◆ What you have to do ◆
Images are not part of the copy; transcribe all the data exactly.

◆ Information given ◆
☆ ☆ ☆ ☆ ☆ ☆ ☆

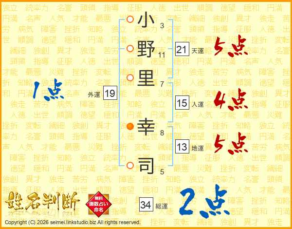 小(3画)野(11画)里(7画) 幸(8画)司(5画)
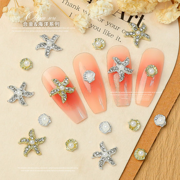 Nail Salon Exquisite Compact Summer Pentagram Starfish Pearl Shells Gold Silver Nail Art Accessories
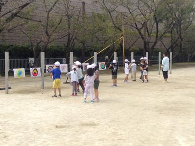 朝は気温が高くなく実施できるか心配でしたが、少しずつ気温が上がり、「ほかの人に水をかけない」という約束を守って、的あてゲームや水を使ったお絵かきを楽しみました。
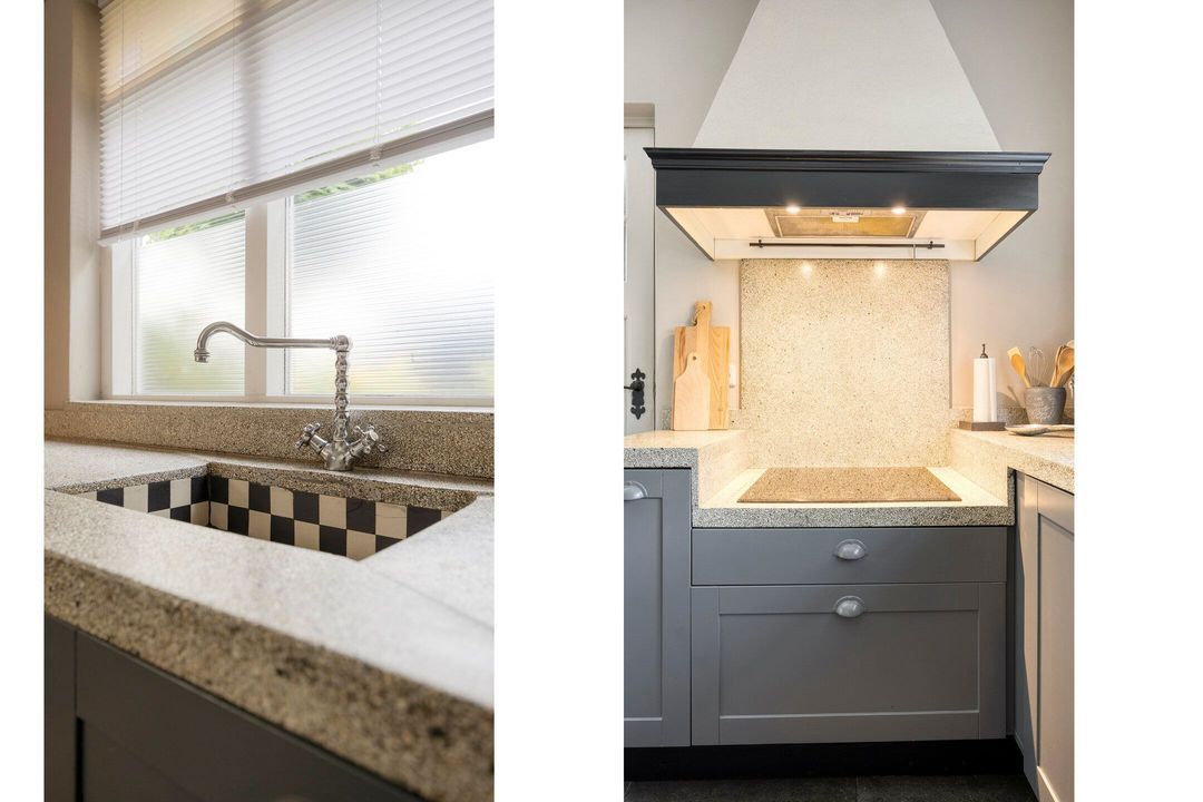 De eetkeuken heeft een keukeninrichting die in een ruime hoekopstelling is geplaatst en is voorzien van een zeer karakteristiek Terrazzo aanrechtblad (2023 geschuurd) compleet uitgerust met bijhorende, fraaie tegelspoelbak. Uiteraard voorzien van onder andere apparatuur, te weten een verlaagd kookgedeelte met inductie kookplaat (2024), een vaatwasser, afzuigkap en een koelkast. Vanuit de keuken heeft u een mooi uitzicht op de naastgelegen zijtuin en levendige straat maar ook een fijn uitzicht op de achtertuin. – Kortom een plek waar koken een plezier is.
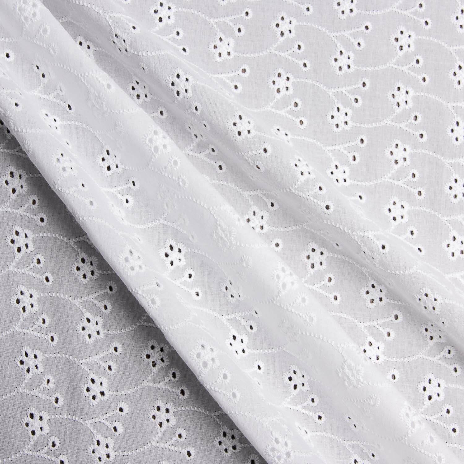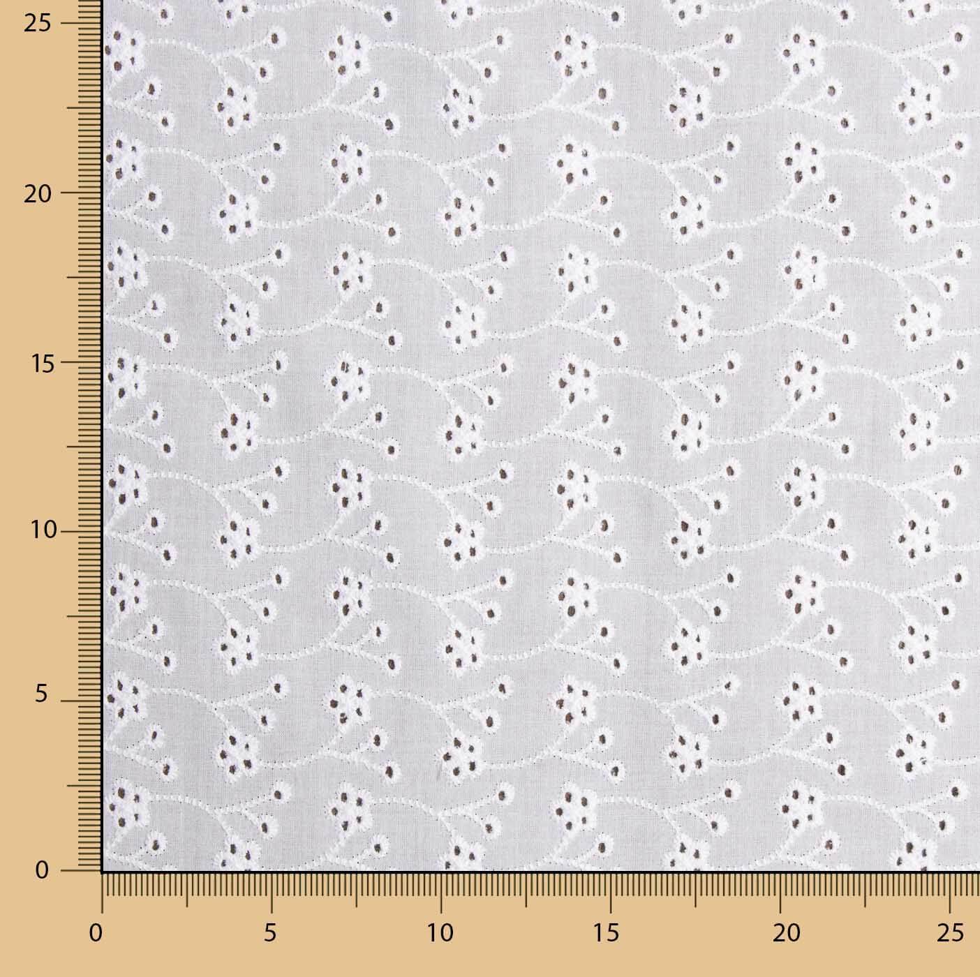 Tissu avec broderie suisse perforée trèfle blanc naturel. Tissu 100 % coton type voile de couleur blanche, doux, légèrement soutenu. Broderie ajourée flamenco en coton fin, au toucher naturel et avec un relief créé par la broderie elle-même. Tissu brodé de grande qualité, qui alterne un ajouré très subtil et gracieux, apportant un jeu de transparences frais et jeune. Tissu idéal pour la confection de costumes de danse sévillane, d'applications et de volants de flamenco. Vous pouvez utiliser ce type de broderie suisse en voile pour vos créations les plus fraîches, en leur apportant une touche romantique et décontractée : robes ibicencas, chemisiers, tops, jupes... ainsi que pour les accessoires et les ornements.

☆ ☆ ☆ ☆ ☆ ☆ ☆

◆ Solution for this exercise ◆
 小(3画)野(11画)里(7画) 幸(8画)司(5画)
 Nail Salon Exquisite Compact Summer Pentagram Starfish Pearl Shells Gold Silver Nail Art Accessories
 朝は気温が高くなく実施できるか心配でしたが、少しずつ気温が上がり、「ほかの人に水をかけない」という約束を守って、的あてゲームや水を使ったお絵かきを楽しみました。
 De eetkeuken heeft een keukeninrichting die in een ruime hoekopstelling is geplaatst en is voorzien van een zeer karakteristiek Terrazzo aanrechtblad (2023 geschuurd) compleet uitgerust met bijhorende, fraaie tegelspoelbak. Uiteraard voorzien van onder andere apparatuur, te weten een verlaagd kookgedeelte met inductie kookplaat (2024), een vaatwasser, afzuigkap en een koelkast. Vanuit de keuken heeft u een mooi uitzicht op de naastgelegen zijtuin en levendige straat maar ook een fijn uitzicht op de achtertuin. – Kortom een plek waar koken een plezier is.
 Tissu avec broderie suisse perforée trèfle blanc naturel. Tissu 100 % coton type voile de couleur blanche, doux, légèrement soutenu. Broderie ajourée flamenco en coton fin, au toucher naturel et avec un relief créé par la broderie elle-même. Tissu brodé de grande qualité, qui alterne un ajouré très subtil et gracieux, apportant un jeu de transparences frais et jeune. Tissu idéal pour la confection de costumes de danse sévillane, d'applications et de volants de flamenco. Vous pouvez utiliser ce type de broderie suisse en voile pour vos créations les plus fraîches, en leur apportant une touche romantique et décontractée : robes ibicencas, chemisiers, tops, jupes... ainsi que pour les accessoires et les ornements.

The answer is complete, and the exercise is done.